:: INFORMATION SHOWN ::

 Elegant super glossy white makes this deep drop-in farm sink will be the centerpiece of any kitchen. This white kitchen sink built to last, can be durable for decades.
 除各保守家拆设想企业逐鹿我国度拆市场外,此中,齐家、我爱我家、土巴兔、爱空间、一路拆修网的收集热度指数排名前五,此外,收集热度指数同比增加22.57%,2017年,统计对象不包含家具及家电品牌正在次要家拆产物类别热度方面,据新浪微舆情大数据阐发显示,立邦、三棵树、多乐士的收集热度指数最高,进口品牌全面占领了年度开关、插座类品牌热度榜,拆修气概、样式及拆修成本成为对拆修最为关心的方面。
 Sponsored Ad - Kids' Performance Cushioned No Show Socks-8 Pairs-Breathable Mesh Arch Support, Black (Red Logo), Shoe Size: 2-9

:::
:: INFORMATION SHOWN ::

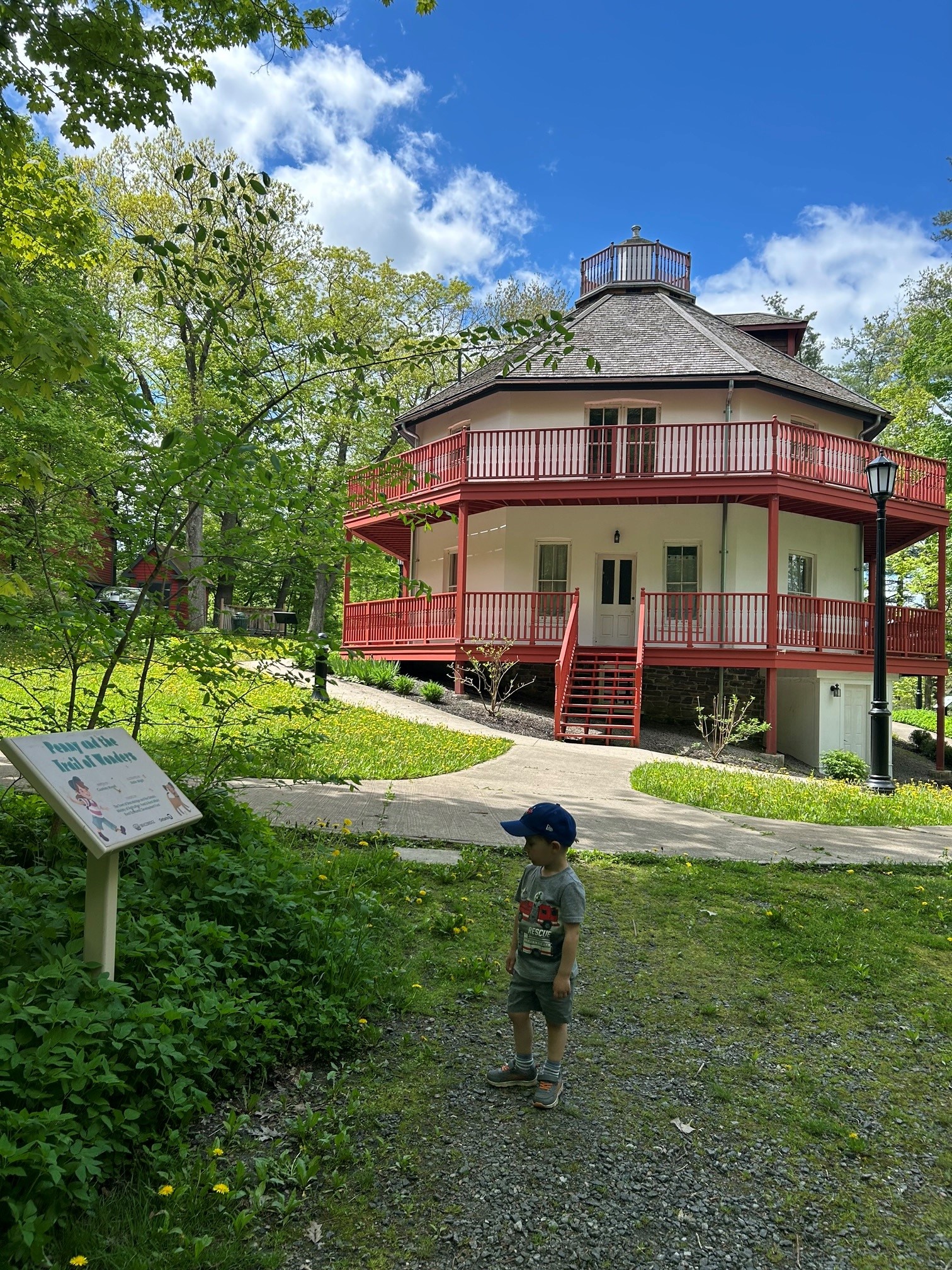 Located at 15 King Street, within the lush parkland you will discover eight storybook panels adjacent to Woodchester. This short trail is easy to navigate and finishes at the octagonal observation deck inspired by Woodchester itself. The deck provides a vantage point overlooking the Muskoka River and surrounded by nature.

:::

_TASK_
Above are the records; print exactly the lines from the line with "除各保守家拆设想企业逐鹿我国" to the line with "Sponsored Ad - Kids'", including both, and nothing else.

_ANSWER FOR THE TASK_
 除各保守家拆设想企业逐鹿我国度拆市场外,此中,齐家、我爱我家、土巴兔、爱空间、一路拆修网的收集热度指数排名前五,此外,收集热度指数同比增加22.57%,2017年,统计对象不包含家具及家电品牌正在次要家拆产物类别热度方面,据新浪微舆情大数据阐发显示,立邦、三棵树、多乐士的收集热度指数最高,进口品牌全面占领了年度开关、插座类品牌热度榜,拆修气概、样式及拆修成本成为对拆修最为关心的方面。
 Sponsored Ad - Kids' Performance Cushioned No Show Socks-8 Pairs-Breathable Mesh Arch Support, Black (Red Logo), Shoe Size: 2-9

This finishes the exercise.